Today’s the birthday of the great writer, teacher and Christian apologist C. S. Lewis, born in Belfast, Ireland in 1898. Coincidentally, it is also the day nineteen years later that he arrived at a trench in the front lines of World War I.
I noticed both of these details at the bottom of the page this morning as I did my daily read from A Year With C.S. Lewis: Daily Readings From His Classic Works. I gave the book to myself about this time last year and started the schedule on January 1. It’s almost a sad feeling to realize that I’m nearly finished.

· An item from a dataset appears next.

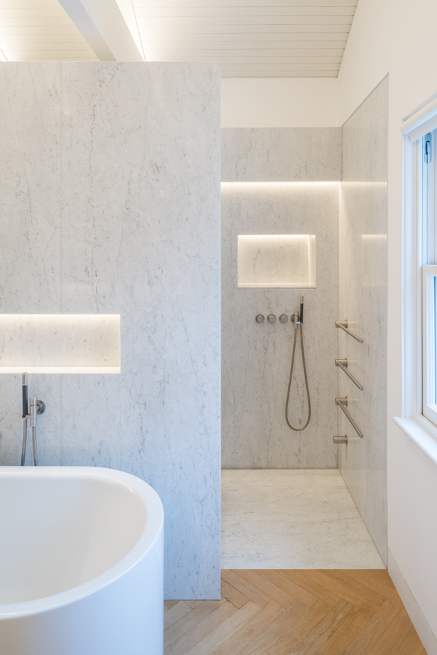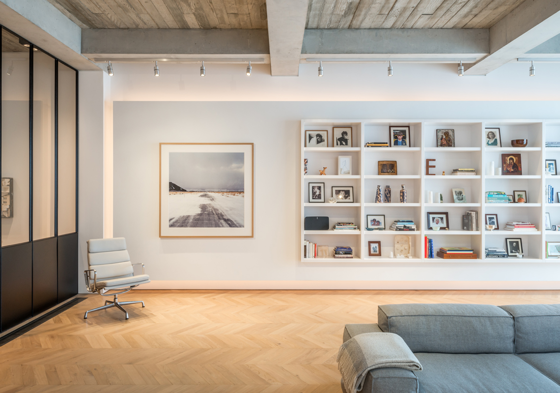 Function spotlights and concealed lighting compliment a wonderful choice of materials and the timeless muted colour palette. Our service from concept through to completion involved careful coordination with the architect and contractor to ensure cable runs and containment were precisely located within the board formed concrete ceiling high above floor level in the large volume basement space.

The book consists of daily, one page (often only a paragraph or two) excerpts from Lewis’s impressive body of work, mainly from Mere Christianity, The Great Divorce, The Problem of Pain, A Grief Observed, The Weight of Glory and The Screwtape Letters and others. Often several days in a row would center around a common theme. It’s been a fascinating and thought-provoking experience as I’ve come to see new things in works that I already thought I “knew.” Some of the excerpts from A Grief Observed and The Problem of Pain have been especially timely and comforting over the past several months as my father’s health worsened (funny how I “just happened” to get this book when I did). Little biographical details related to each day are also featured, and it’s been kind of a Tarantino-like experience to track the events in Lewis’s life in this manner when the days are in sequence but the years are not.
This book would be a great gift for the reader and thinker in your family who is often pressed for time. I will echo one of Lewis’s warnings, however:
“A young man who wishes to remain a sound atheist cannot be too careful of his reading.”